Repeat, word for word and with nothing added, each line from the one containing "适量、香菇 适量、胡椒粉 少许" to the final line of the data, keeping both ends. Pictures are not part of the copy.
** Opening Material provided block **
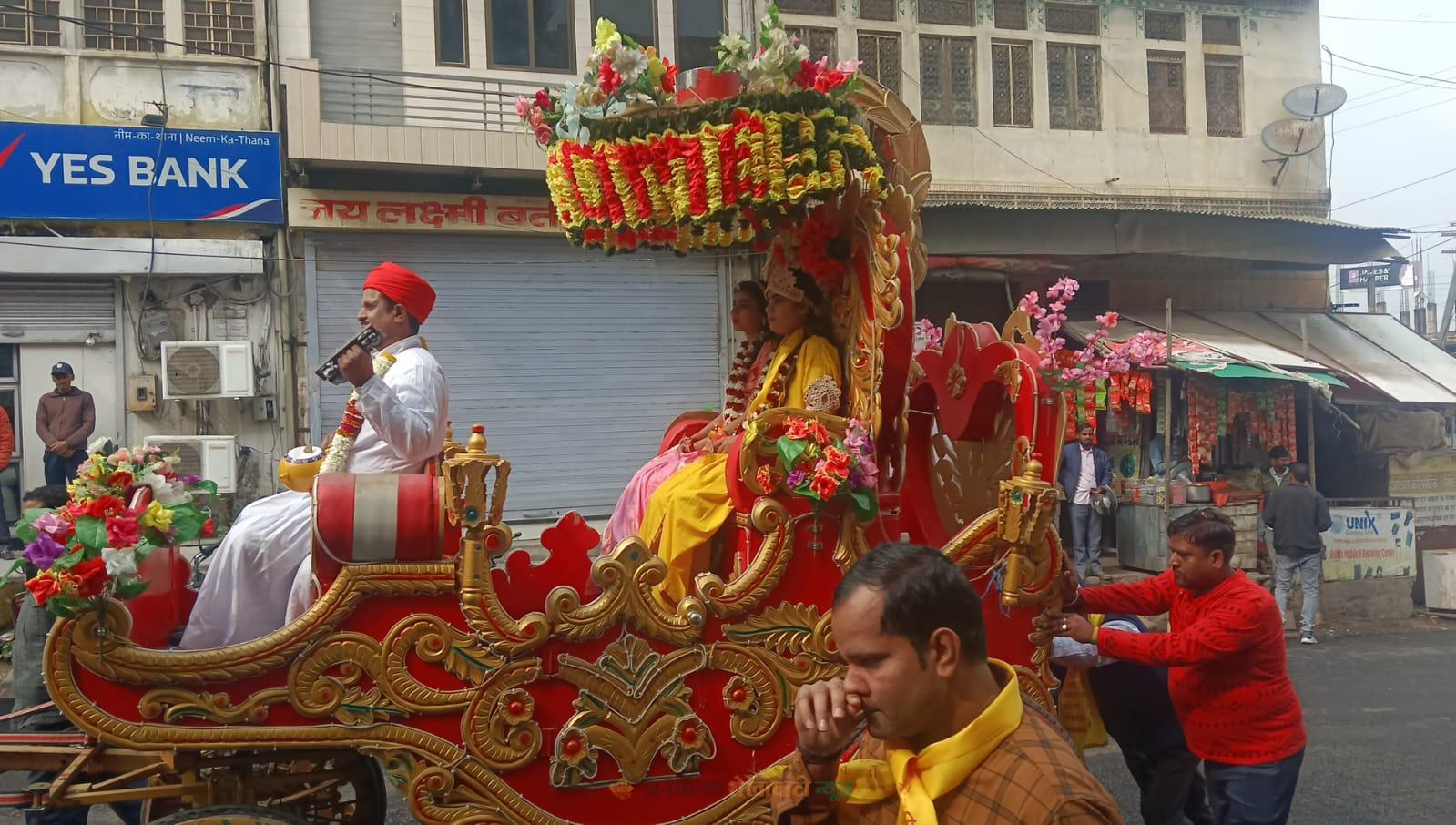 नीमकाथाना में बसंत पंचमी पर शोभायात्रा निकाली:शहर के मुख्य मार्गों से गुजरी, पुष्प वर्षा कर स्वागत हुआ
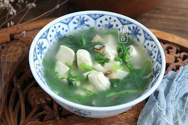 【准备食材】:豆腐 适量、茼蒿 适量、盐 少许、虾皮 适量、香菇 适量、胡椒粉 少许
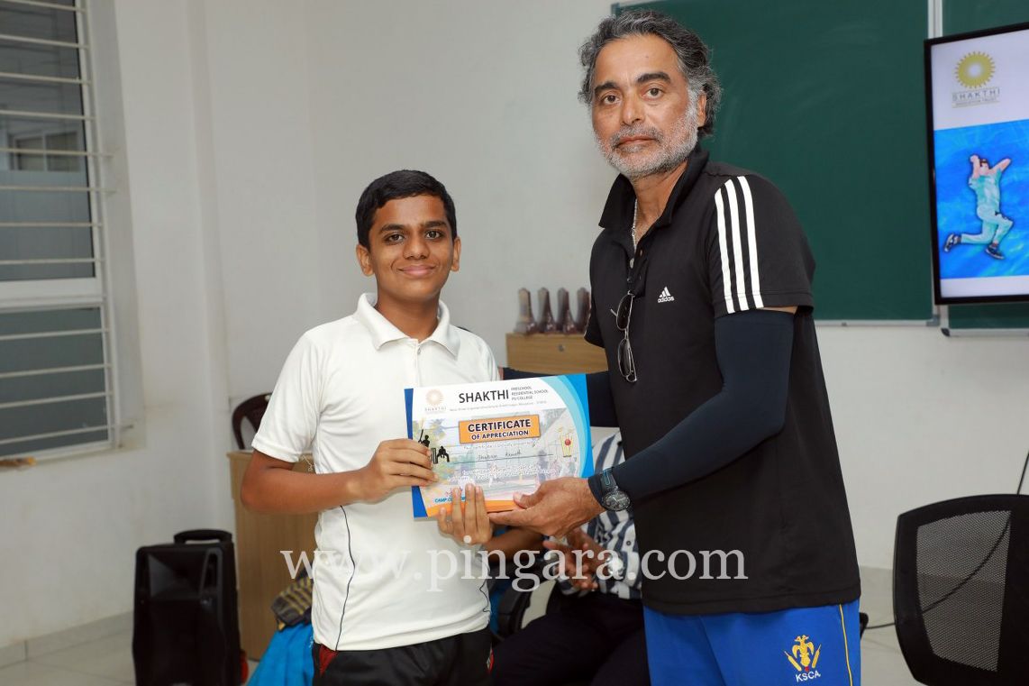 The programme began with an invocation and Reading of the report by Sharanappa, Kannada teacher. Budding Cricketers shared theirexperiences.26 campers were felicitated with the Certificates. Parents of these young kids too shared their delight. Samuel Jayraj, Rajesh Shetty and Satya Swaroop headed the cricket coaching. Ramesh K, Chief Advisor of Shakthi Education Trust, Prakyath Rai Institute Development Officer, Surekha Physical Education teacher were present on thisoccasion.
** Closing Material provided block **
■ Task output
 【准备食材】:豆腐 适量、茼蒿 适量、盐 少许、虾皮 适量、香菇 适量、胡椒粉 少许
 The programme began with an invocation and Reading of the report by Sharanappa, Kannada teacher. Budding Cricketers shared theirexperiences.26 campers were felicitated with the Certificates. Parents of these young kids too shared their delight. Samuel Jayraj, Rajesh Shetty and Satya Swaroop headed the cricket coaching. Ramesh K, Chief Advisor of Shakthi Education Trust, Prakyath Rai Institute Development Officer, Surekha Physical Education teacher were present on thisoccasion.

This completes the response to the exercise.